77 Essa adaptação à tonalidade ocorre durante a execução musical realizada nas reuniões, em que o ministério de música observa se o público está cantando juntamente com o ministério, de modo que, quando o ministério de música percebe uma dificuldade no público em cantar numa determinada tonalidade, a música pode ser imediatamente mudada para outro tom, até que se tenha uma ampla participação vocal do público.

I. M. (Integrante do público do grupo Emanuel III) exemplifica cantando um trecho da música “Eu navegarei”:

Figura 8 – Transcrição do canto de I. M. (Integrante do Público do grupo de oração Emanuel III) do trecho da música “Eu navegarei” durante entrevista concedida à autora.

Em seguida I. M. (Integrante do público do grupo de oração Emanuel III) complementa sua exemplificação cantando a mesma melodia substituindo a letra, dizendo antes “Aí eles (os ministros de música) pedem pra você falar:”:

Figura 9 - Transcrição do canto de I. M. (Integrante do Público do grupo de oração Emanuel III) com trecho da melodia música “Eu navegarei” durante entrevista concedida à autora.

Nesta exemplificação, podemos observar que I. M. (Integrante do público do grupo Emanuel III), ao utilizar a música “Eu navegarei”, muito cantada no grupo de oração Emanuel III, canta um trecho com a letra original e em seguida repete a mesma melodia substituindo a letra. Após o canto, I. M. (Integrante do público do grupo Emanuel III) explica: “Porque aí, naquele ‘lalaiá’, a pessoa se solta de repente a fazer, a produzir um som nessa linguagem pra se tornar mais fácil a oração em línguas. Então com isso acaba que cantando, começa também a orar, fazer melodia com aquela oração”. Nesse sentido, ainda observa que o contexto musical no ambiente também favorece para que a oração em línguas aconteça: “Eu acho que pra algumas pessoas facilita o orar cantando, motivado pela música, pelas pessoas que estão cantando, aí se envolve né! Aí fica mais fácil soltar e acompanhar” (I. M. Integrante do público do grupo Emanuel III). Temos nessa visão os aspectos da coletividade do canto, onde

os presentes envolvidos pelo contexto musical e social dão abertura para a experiência espiritual, como o orar em línguas.

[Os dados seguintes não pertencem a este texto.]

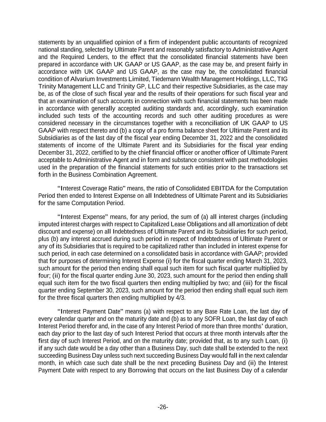 -26- statements by an unqualified opinion of a firm of independent public accountants of recognized national standing, selected by Ultimate Parent and reasonably satisfactory to Administrative Agent and the Required Lenders, to the effect that the consolidated financial statements have been prepared in accordance with UK GAAP or US GAAP, as the case may be, and present fairly in accordance with UK GAAP and US GAAP, as the case may be, the consolidated financial condition of Alvarium Investments Limited, Tiedemann Wealth Management Holdings, LLC, TIG Trinity Management LLC and Trinity GP, LLC and their respective Subsidiaries, as the case may be, as of the close of such fiscal year and the results of their operations for such fiscal year and that an examination of such accounts in connection with such financial statements has been made in accordance with generally accepted auditing standards and, accordingly, such examination included such tests of the accounting records and such other auditing procedures as were considered necessary in the circumstances together with a reconciliation of UK GAAP to US GAAP with respect thereto and (b) a copy of a pro forma balance sheet for Ultimate Parent and its Subsidiaries as of the last day of the fiscal year ending December 31, 2022 and the consolidated statements of income of the Ultimate Parent and its Subsidiaries for the fiscal year ending December 31, 2022, certified to by the chief financial officer or another officer of Ultimate Parent acceptable to Administrative Agent and in form and substance consistent with past methodologies used in the preparation of the financial statements for such entities prior to the transactions set forth in the Business Combination Agreement. “Interest Coverage Ratio” means, the ratio of Consolidated EBITDA for the Computation Period then ended to Interest Expense on all Indebtedness of Ultimate Parent and its Subsidiaries for the same Computation Period. “Interest Expense” means, for any period, the sum of (a) all interest charges (including imputed interest charges with respect to Capitalized Lease Obligations and all amortization of debt discount and expense) on all Indebtedness of Ultimate Parent and its Subsidiaries for such period, plus (b) any interest accrued during such period in respect of Indebtedness of Ultimate Parent or any of its Subsidiaries that is required to be capitalized rather than included in interest expense for such period, in each case determined on a consolidated basis in accordance with GAAP; provided that for purposes of determining Interest Expense (i) for the fiscal quarter ending March 31, 2023, such amount for the period then ending shall equal such item for such fiscal quarter multiplied by four; (ii) for the fiscal quarter ending June 30, 2023, such amount for the period then ending shall equal such item for the two fiscal quarters then ending multiplied by two; and (iii) for the fiscal quarter ending September 30, 2023, such amount for the period then ending shall equal such item for the three fiscal quarters then ending multiplied by 4/3. “Interest Payment Date” means (a) with respect to any Base Rate Loan, the last day of every calendar quarter and on the maturity date and (b) as to any SOFR Loan, the last day of each Interest Period therefor and, in the case of any Interest Period of more than three months’ duration, each day prior to the last day of such Interest Period that occurs at three month intervals after the first day of such Interest Period, and on the maturity date; provided that, as to any such Loan, (i) if any such date would be a day other than a Business Day, such date shall be extended to the next succeeding Business Day unless such next succeeding Business Day would fall in the next calendar month, in which case such date shall be the next preceding Business Day and (ii) the Interest Payment Date with respect to any Borrowing that occurs on the last Business Day of a calendar
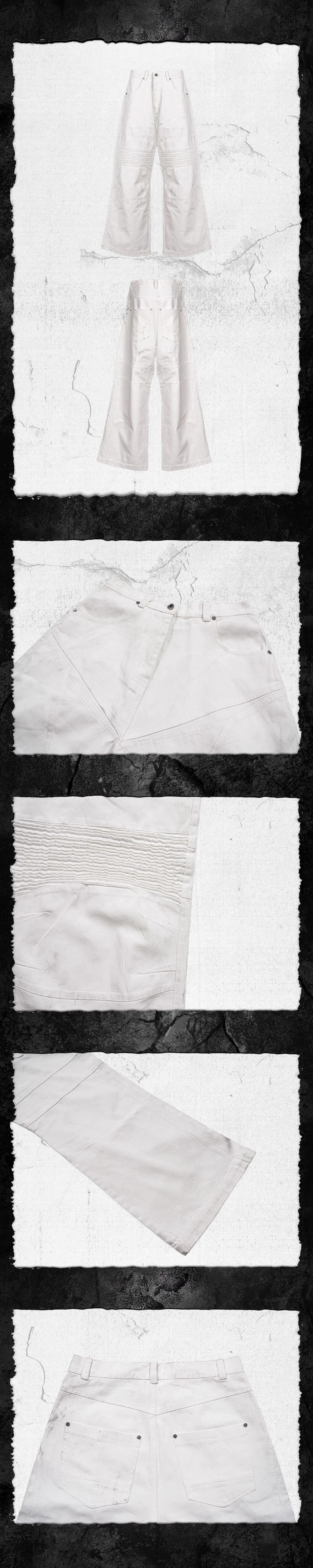 Design Details: Designed in a relaxed, slightly flared fit, these jeans are crafted from premium denim and undergo a hand-brushed wax aging process, evoking a sense of revival from the ruins. The distressed texture, marked by time and chaos, gives the piece a raw and rugged character. Motorcycle-style pleats at the knees enhance the three-dimensional wasteland aesthetic, while custom metal hardware embodies a striking contrast between grit and refinement. The deconstructed "Demon's Eye" motif symbolizes a gaze into mystery and descent amidst the apocalypse.

A oração em línguas cantada, mesmo que realizada em conjunto, possui assim como a oração individual, características particulares, de modo que cada um ora com palavreados e melodias simultaneamente diferentes. Também há características que favorecem a oração simultânea entre os presentes, como uma mesma pulsação e tonalidade, favorecendo assim no ritual a experiência pessoal e coletiva no contato com o divino na experiência da oração pela via musical.